In wanting to reach out to anyone who has suffered this kind of loss, I searched for some resources (there doesn't seem to be a lot!) to share with you. Although I don't agree with them on everything theologically, http://www.chabad.org/ has proven helpful to me concerning many issues. They have an extensive array of articles just for women. I found two concerning miscarriage (by the way, one of might mention reincarnation which I certainly don't agree with, but the good thing about them is they are from personal experiences): They are: "The Empty Sac" www.chabad.org/theJewishWoman/article_cdo/aid/337722/jewish/The-Empty-Sac.htm, and "The Unlit Candle" www.chabad.org/theJewishWoman/article_cdo/aid/804487/jewish/The-Unlit-Candle
As far as written materials go, I searched at http://www.christianbook.com/ and got a pretty lengthy list: http://www.christianbook.com/Christian/Books/easy_find?Ntt=miscarriage&N=0&Ntk=keywords&action=Search&Ne=0&event=ESRCN&nav_search=1&cms=1&search=%3CSPAN+class%3D%22big-blue-button+cleartype%22%3EGo%3C%2FSPAN%3E and I assume that they are written from a Christian perspective.
I'll never forget that night several years ago, watching some Christian talk-show on television, that it truly hit me.

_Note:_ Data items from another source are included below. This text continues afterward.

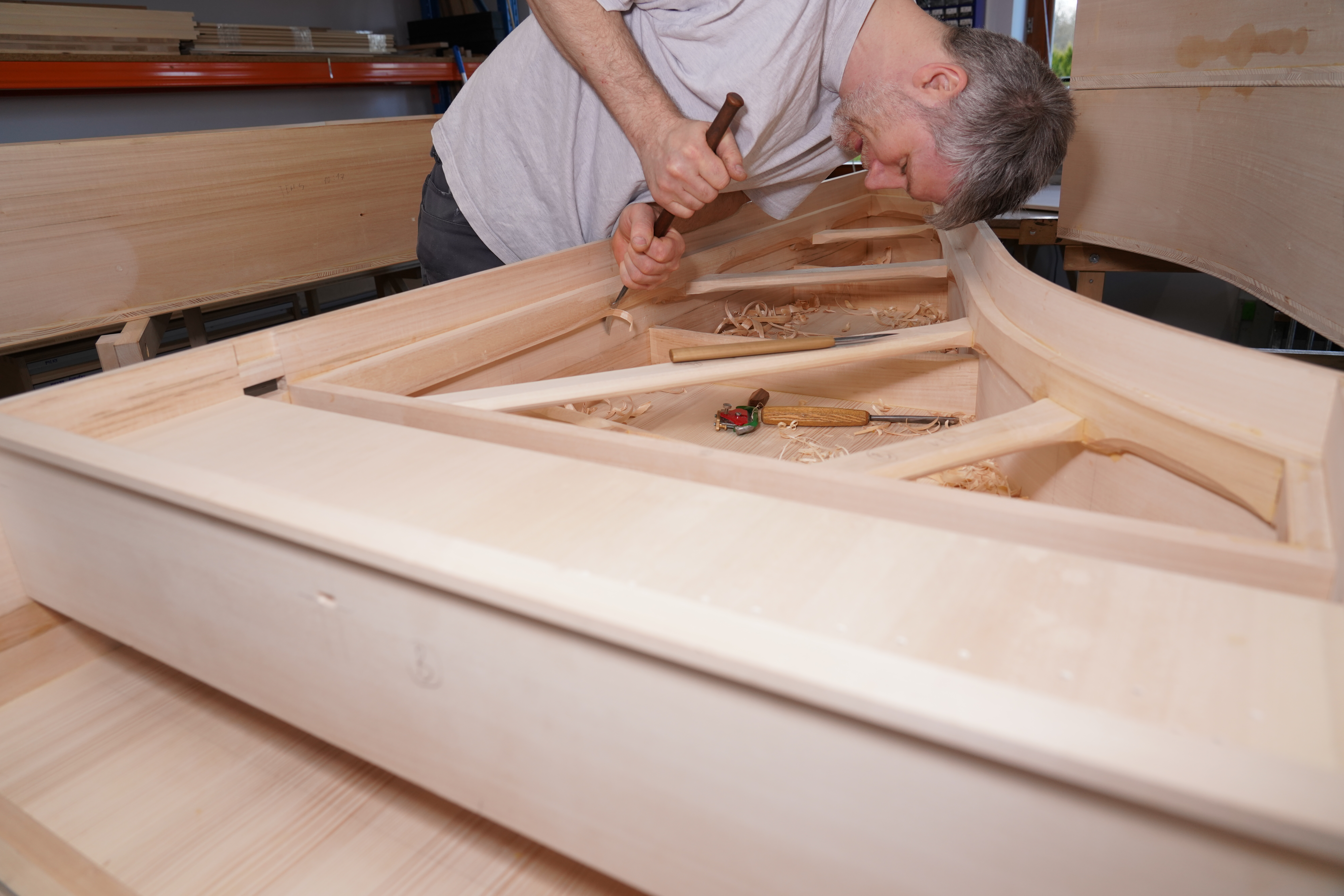 We base our work on careful study of preserved historical instruments, and from this, we construct our instruments. In many cases, we faithfully adopt the original design solutions and string scales that we consider proven and optimal. If certain historical designs shows imperfections, we make sensitive structural modifications aimed at improving the stability and reliability of the instrument. We use modern technologies and scientific knowledge only where they can contribute to a better understanding of historical instruments or to the precision of craftsmanship—such as in measurement, documentation, or structural calculations. We view these tools as support for traditional work, not a replacement of it.
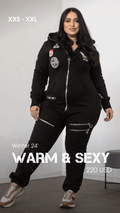 The jumpsuit is fleece insulated. It is recommended to wear the jumpsuit in spring and autumn over a T-shirt to maintain a comfortable temperature without the necessity to wear an additional jacket. In winter, the overalls with jackets can withstand up to -25 °C. In addition, a neat hidden zipper in the lower back is available upon request.
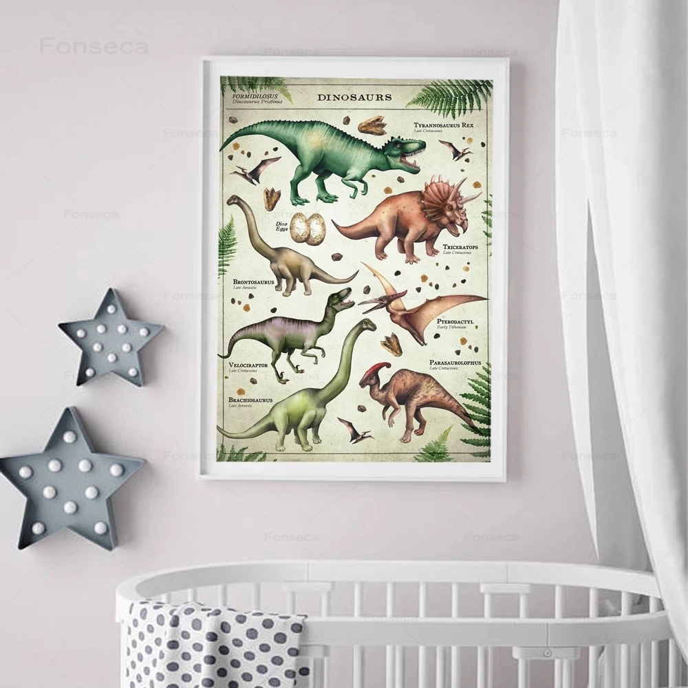 Детский мультфильм плакат с динозавром холст картины милую непосред...
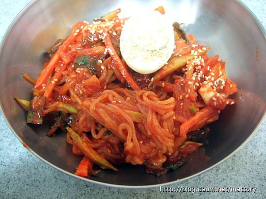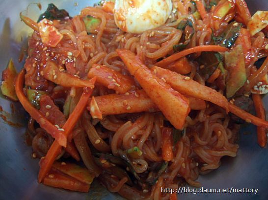 쫄면에도 깻잎을 넣었습니다 할머니가 깻잎을 상당히 사랑하시는가 봅니다 그리고 떡볶이와 마찬가지로

There is a faceless soul, a child... in the presence of G-d Almighty Himself... who happens to be mine, or at least the one that G-d loaned to me for five weeks in my womb. Now I can honestly say, this brings me nothing but great joy and gratitude.
"See that you do not despise one of these little ones, for I say to you that their angels in heaven continually see the face of My Father who is in heaven"
~Matthew 18:10~
** After writing this, I began reading "The Gospel of Ruth" by Carolyn Custis James. I would recommend it to any woman, especially those who are having trouble conceiving children or experiencing miscarriages, etc.